These sixteenth- and seventeenth-century world maps present a vision of the world that is both moral and geographical, as demonstrated in the way they display ostentatiously the baroque theme of vanitas. (1) These stock themes crossed the Christian divide between Reformers and Catholics to become one of the prevalent notions underlying exploration and mapmaking from the second half of the sixteenth century till well into the seventeenth.
The histrionic notion of the world as a stage is of special interest in relation to the early modern maps of the hypothetical Southern Continent. As long as the Pacific remained uncharted, geographical discoveries and fantasies interacted in the invention of this large area of the world.

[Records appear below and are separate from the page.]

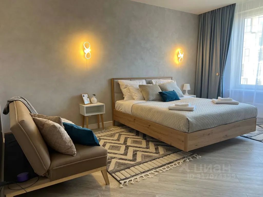 Квартира-студия в новом доме, расположенном в 100 метрах от соснового бора и моря в 50-ти метрах от резиденции Президента РФ. В апартаментах предусмотрено все для комфортного проживания гостей....
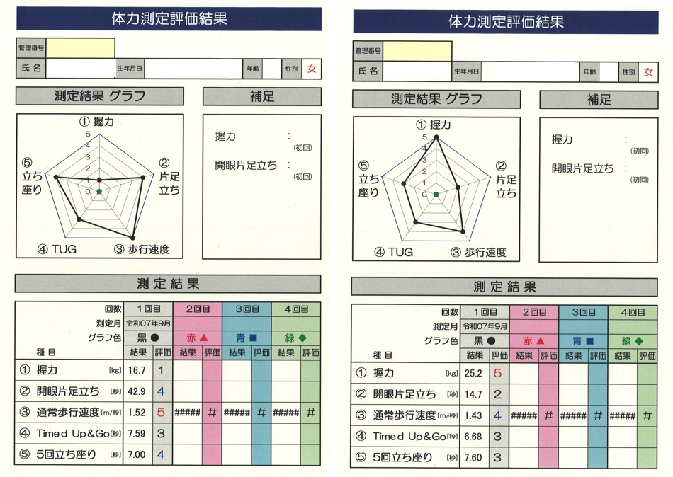 例)左の参加者様は握力が弱く、右の参加者様は片足立ちの保持が苦手なことが伺えます。
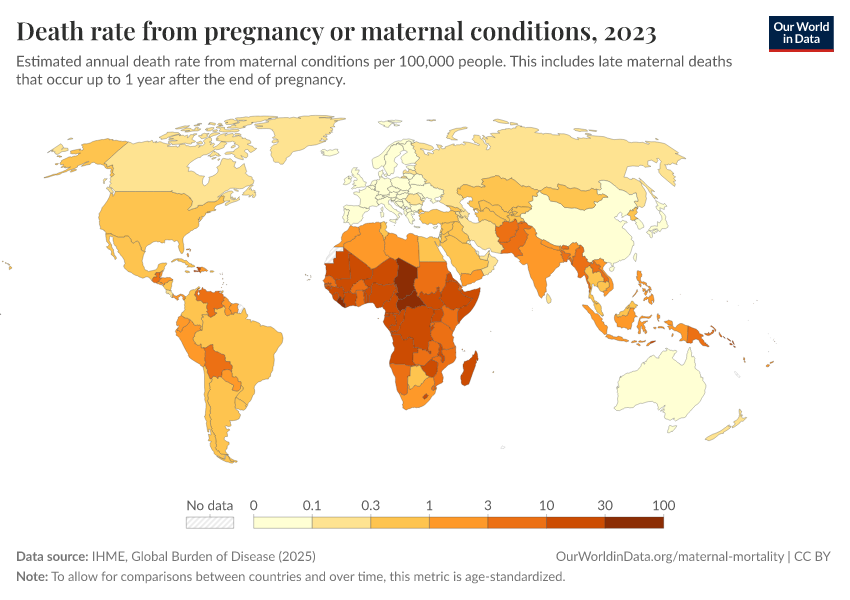 “Data Page: Death rate from pregnancy or maternal conditions”, part of the following publication: Esteban Ortiz-Ospina and Max Roser (2016) - “Global Health”. Data adapted from IHME, Global Burden of Disease. Retrieved from https://region-dods-income-groups.owid.pages.dev/grapher/death-rate-from-maternal-disorders-ihme [online resource]How to cite this data
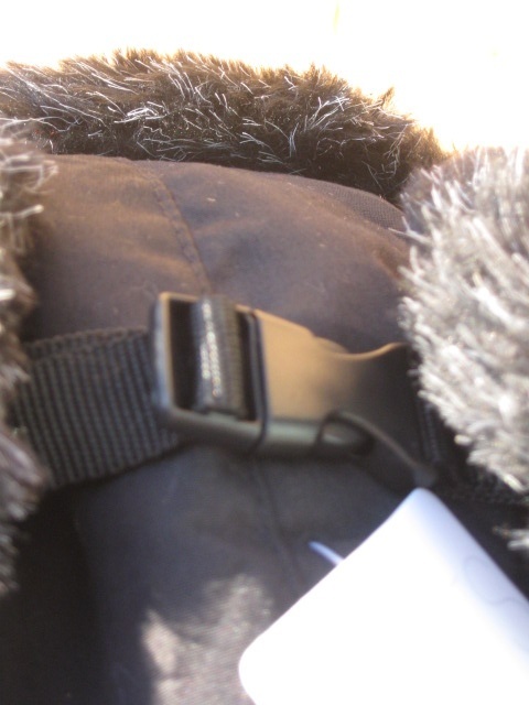 U klikt de oorflappen makkelijk vast met de zwarte gespsluiting.

These maps stress the religious notions underlying Renaissance geography and the idea of a histrionic world that is divinely ordained. Among these, the heart-shaped world map of Jodocus Hondius, Typus Orbis Terrarum, published in 1589 (Fig. 1), offers some interesting insights. (2) This miniature map is the first known work of Hondius, who fled the religious struggles in the Netherlands to live in London in the 1580s before returning to Amsterdam in 1592 or 1593. Here the image of the whole universe, which is suspended by a cord held by the hand of God and thereby subject to God's divine power, has clearly been constructed by human action. This is seen by the map's incorporation of recent discoveries and its open acknowledgement of the recent circumnavigation of the world by Sir Francis Drake (1577-80). (3) The rounding of the southernmost tip of South America and the presence of the island baptized by Drake as Insula Regina Elizabetha attest to the achievements of the journey. Two concepts that seem to us to contradict each other, scientific progress and religious predetermination, are clearly combined in this map.
[FIGURE 1 OMITTED]
The ways cartographic representations highlight the meaninglessness of exploration and construct world geography as a theatre are neatly summed up in a map produced nearly at the same time as Hondius, and usually known as the "Fool's Cap" map c. 1590 (Fig. 2). (4) This map, which follows that of Abraham Ortelius in its geographical features, is derived from one made by Jean de Gourmont c. 1575, and is designed to emphasize the overlapping of exploration and vanity. (5) The characterization of the world as a fool offers a wide array of possible interpretations, for the fool was a cultural icon embodying multiple meanings.
[FIGURE 2 OMITTED]
These meanings ranged from the relationship of madness with wisdom, inherited from the classical tradition, to, as Peter Whitfield sums up, the role of scapegoat:
The Fool's origin and central role seems to have been in magic: he was a kind of scapegoat who drew down upon himself the forces of evil, unreason or ill-fortune, and by confronting them, averted the power from his community. He was licenced [sic] to break rules, speak painful truths, and mock at power and pretension, and the grotesque shape he bore was a kind of living punishment ... it is now the whole world which takes on the Fool's costume, thus forcing the viewer to confront the possibility that the whole created order is irrational, alien and threatening. (78)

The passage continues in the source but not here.